# Unknown language: κλου σαρα ταυαι πεκαι ιυιαις μεγεραις κομιλαι



## mattheo

Could someone help me identifying this language? I came across it when browsing through photographic documentation of some archeological excavation conducted in 1993 in Turkey by students of Wrocław University. Among others there is some pottery and tablets with inscriptions in Greek - nothing special. The problem is that a few of those inscriptions are written with Greek letters but the language definitely isn't Greek (it actually "sounds" a bit similar but the text makes no sense). I'm no expert in Antiquity so maybe it's something obvious. 

The longest text that I found:

κλου σαρα ταυαι πεκαι ιυιαις μεγεραις κομιλαι εσαν ταυοι γοχχι δουις νεβνεβοις ταυα λουβα εκνουι μερις ιπ ταβ ες κκιγις

Of course I can't guarantee that I transcribed this correctly, though the writing is quite clear. The other strange thing is that the words are separated by dots, while the inscriptions in Greek usually have no separation between words. Also, no accents are marked. At first I assumed that it is in Greek but consists of words that I don't know, but my dictionary doesn't list any of them.

There's also a photo of some kind of staff (???) with:

δουκιτρας (in the middle)
ας δεδε μεμ (on the opposite side; also with dots)

I'd appreciate any help.


----------



## shawnee

I doubt very much that moving this to the Greek forum is going to yield any results. As it stands, the language is unrecognizable from a Greek point of view, to me at least. Some pictures of the source might be helpful.


----------



## Au101

What interests me about this is the gemination and doubling of syllables. Normally, this would just be a feature that would be worth highlighting - in the hope of recognising the language. Examples of doubling would be *νεβνεβ*οις and *δεδε*. As I say this isn't especially remarkable - just an interesting feature of many languages - however, what struck me is *κκ*ιγις. Now I'm not aware that this digraph has ever had any special phonological value, so I'm going to take it as read and assume that it's a double /k/, which is a curious thing to find at the start of a word, in my rather humble opinion. I don't have much experience in phonetics, but I wonder how one would differentiate between *κ*ομιλαι and *κκ*ιγις. Perhaps the /k/ in *κκ*ιγις is aspirated, but then what is the χ for? Perhaps this point isn't actually of much interest - I'm certainly not an expert and perhaps those with more knowledge of languages - especially ancient ones - will find this thoroughly unremarkable, however I found it noteworthy.

The first thing that I thought of was that it could be an - albeit poor - transliteration of Egyptian, it just seemed to remind me of that somehow - but that really is a stab in the dark. I agree with Shawnee, though, some pictures might provide some useful context.


----------



## DenisBiH

> The other strange thing is that the words are separated by dots, while the inscriptions in Greek usually have no separation between words. Also, no accents are marked.

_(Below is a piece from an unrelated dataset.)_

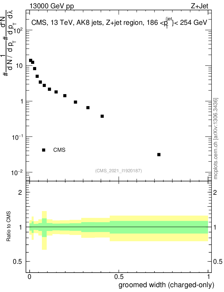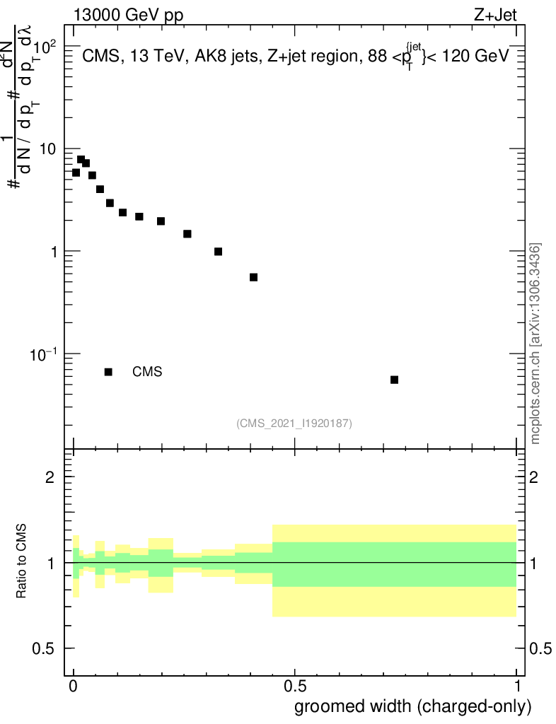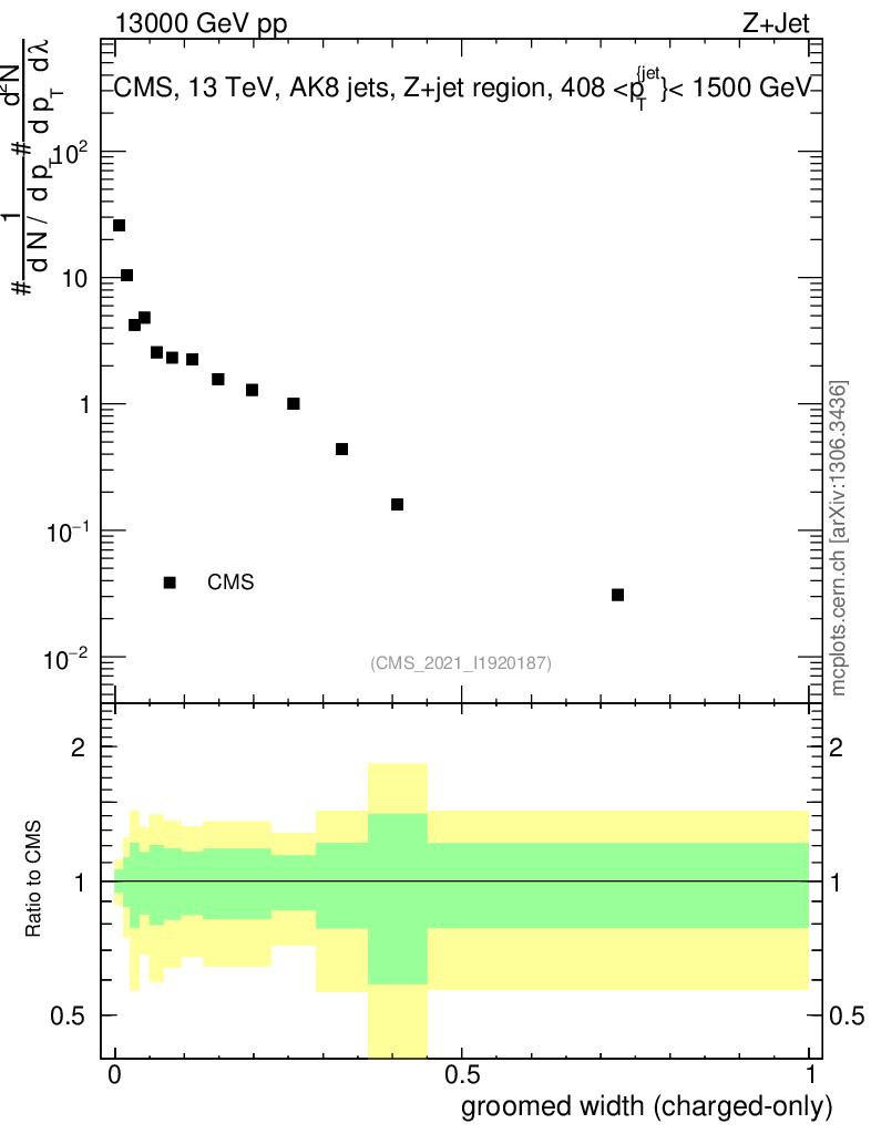 Z+Jet : Generalized angularities : Groomed width λ11 (charged only)

Interesting. I'm no expert but a quick search shows this, for example:



> The language is known from a few fairly extensive inscriptions. From them scholars have identified at least two dialects. One is considered standard Lycian, also termed Lycian A; the other, which is attested on side D of the Xanthos stele, is termed Lycian B or Milyan, separated by its grammatical particularities. Lycian had its own alphabet, which was *closely related to the Greek alphabet* but included at least one character borrowed from Carian, as well characters proper to the language. *The words were often, but not always, separated by two points*.


----------



## artion

Could be Phrygian or any related language of Asia Minor. Some words look like Greek (εσαν, μεγεραις, μερις). Is it in capital letters? Dots were used in Greek too. Can we have a picture?


----------



## Scholiast

Greetings (χαῖρετε)

Another couple of questions: how confident can you be that in the inscription the words are divided as they are in your transcription? Secondly, what, if any, contextual evidence ("Fundort", the place and surrounding remains) is available to suggest a cultural or chronological (and thereby linguistic) context?


----------



## apmoy70

This reminds me of Gnostic passwords. Gnostic groups wrote down passages (as the Nag Hammadi library demonstrates), sometimes going on for whole paragraphs or pages, of completely non-sensical syllables or phrases and they were the passwords the Gnostics had to memorize in order to make it pass the "Gatekeepers", the guardians of the Gates that controlled the ascension of the human soul from earth to heaven after death.


----------